BMW przyzwyczaiło swoich klientów do obchodów rocznic obecności kolejnych modeli na rynku. Tym razem Bawarczycy świętują 30-lecie kabrioletów w swojej ofercie. Dokładnie w 1988 roku debiutował model M3, którego nadwozie było pozbawione sztywnego dachu. Niemcy pokazali światu, że można podróżować z wiatrem we włosach nie rezygnując z bardzo dobrych osiągów. Po 30 latach zbierania doświadczenia na rynek trafia BMW M4 Convertible Edition 30 Jahre.
BMW M4 Convertible Edition 30 Jahre – silnik
Jak na prawdziwe M4 przystało, samochód wyposażony został w sześciocylindrową jednostkę o mocy 450 KM. Z obowiązku podam, że wydziela on 218-203 g dwutlenku węgla na kilometr. Spala 9,5 litra na 100 kilometrów. Ale w takim samochodzie to nie jest ważne. Liczy się radość z jazdy, którą zapewniają doskonałe osiągi i dźwięk silnika wydobywający się ze sportowego wydechu.
BMW M4 Convertible Edition 30 Jahre – wygląd auta
Jubileuszowy model fabrykę będzie opuszczał na 20-calowych felgach w kolorze Orbit Grey Matt, który będzie dedykowany tylko dla tego modelu. Całe nadwozie również dostanie specjalną powłokę lakierniczą. Będzie ona występować w jednym z dwóch kolorów: Macao Blue i Mandarin II. Trzeba przyznać, że BMW M4 Convertible Edition 30 Jahre prezentuje się dobrze w obu odcieniach. Możliwość kolorystyki wnętrza również będzie ograniczona. Dla ciemniejszego lakieru będzie można wybrać jedną z dwóch kombinacji materiałów wykończeniowych: Black/Fjord Blue lub Black/Silverstone. Gdy kupujący zdecyduje się na żółty lakier dostanie czarne wnętrze z przeszyciami z nici w kolorze korespondującym z lakierem nadwozia.
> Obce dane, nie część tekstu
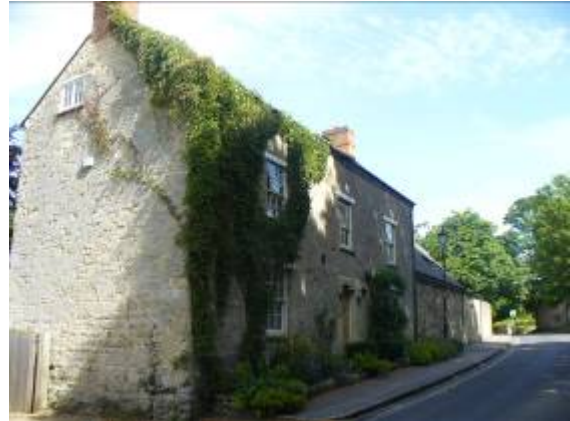
Lower Farm (No. 8 Dunstan Road), built around 1800 is a late addition to the group of vernacular farmhouses and cottages

and the booming university town as from agriculture.

BMW M4 Convertible Edition 30 Jahre – sprzedaż
Niestety BMW nie zdradza od kiedy rusza sprzedaż i jaka będzie cena samochodu. Wiemy natomiast, że nowy kabriolet będzie limitowany do 300 sztuk, które, jak można przypuszczać, rozejdą się jak świeże bułeczki. Zatem jeśli masz dość pokaźną sumę gotówki, z którą nie masz co zrobić to może warto rozważysz szybką wycieczkę do jednego z salonów sprzedaży bawarskiego producenta.